To make new investments in healthcare, education and pensions, Gov. Blagojevich’s unveiled his Tax Fairness Plan for Fiscal Year 2008 to take historic steps to change the Illinois tax structure – one of the most regressive and unfair to working families in the nation.  In 1977, the corporate share of the state income tax was 21 percent, while individuals paid 79 percent. Today, the corporate share is 12 percent, and people pay 88 percent.
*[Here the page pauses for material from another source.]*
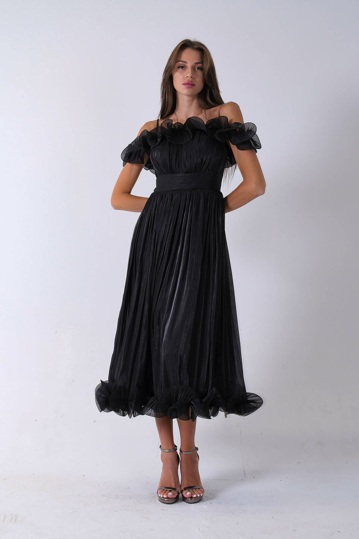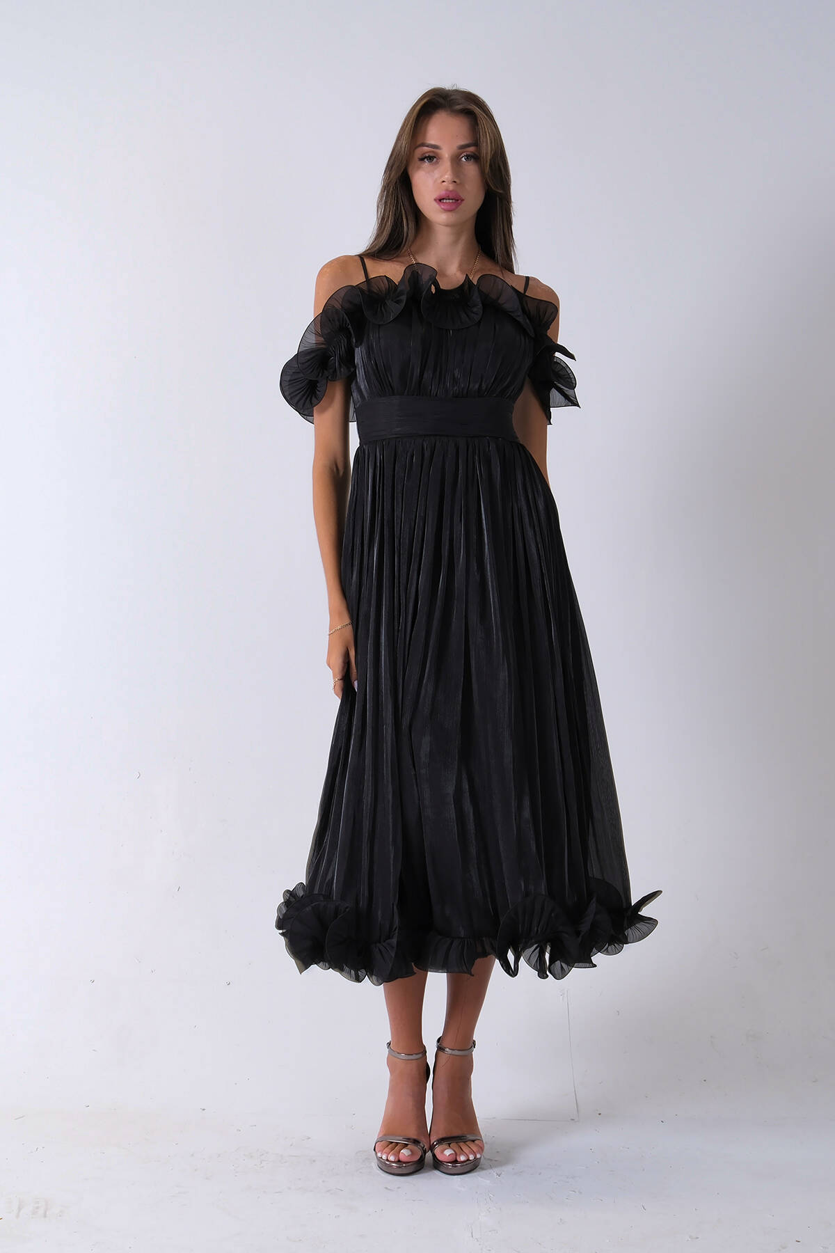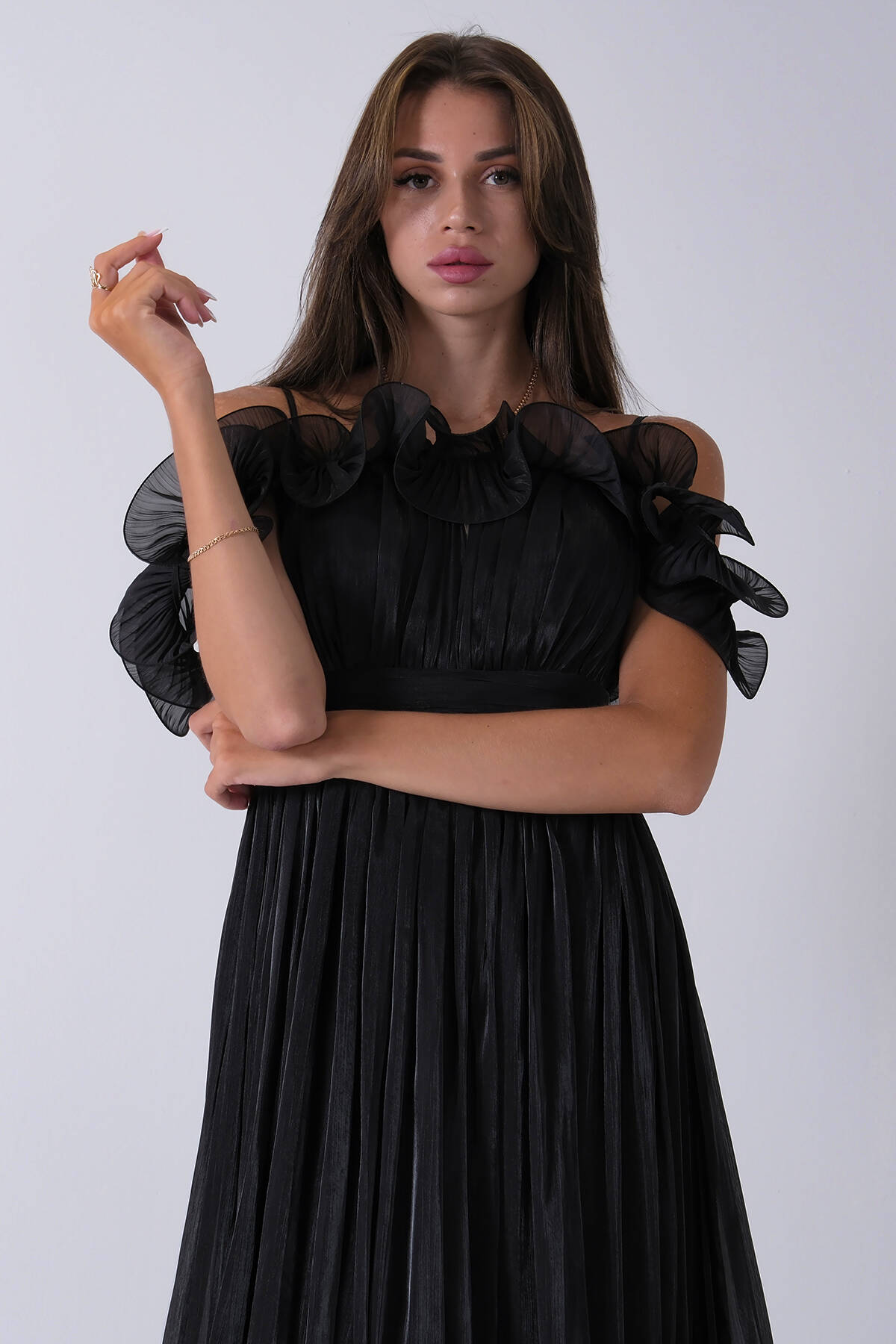 Siyah Göğüs Ve Etek Ucu Çiçek Detaylı Abiye Elbise 9705622.01
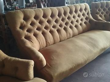 Bellissimo salottino capitonnè giallo ocra composto da un divano tre posti e due poltroncine.

In fact, the average taxpayer in Illinois pays $1,500 in state income taxes while over 12,500 of the largest companies that do business in Illinois pay on average $151 in corporate income taxes. 
 
Many large corporations pay little or nothing in corporate income taxes, and they are not paying their fair share to meet the state’s ongoing infrastructure, education, healthcare and public safety needs.  According to the Illinois Department of Revenue, 37 of the 99 ‘Fortune 100’ companies that filed taxes in Illinois paid no state income taxes, despite the fact that they averaged $1.2 billion in sales during 2004.  On average, 48 percent of corporations that generated $50 million or more in annual sales in Illinois paid no income taxes from 1997 through 2004. 
 
The Governor’s Tax Fairness Plan implements a Gross Receipts Tax (GRT) that has been embraced by many economists because of its broad base and low rates.  States including Washington, Delaware and Hawaii have had a GRT for years, and, recently, Ohio and Texas have adopted a form of the tax.  The GRT will only apply to businesses that make more than $1 million each year, which means 75 percent of all businesses in Illinois will be exempt.  The GRT will tax service industries at a low 1.8 percent rate, while manufacturers, construction, retail and wholesale companies will be taxed at an even lower .5 percent.  Exports will not be taxed.  The plan also mitigates costs being passed on to consumers by excluding certain goods, such as retail food and pharmaceuticals.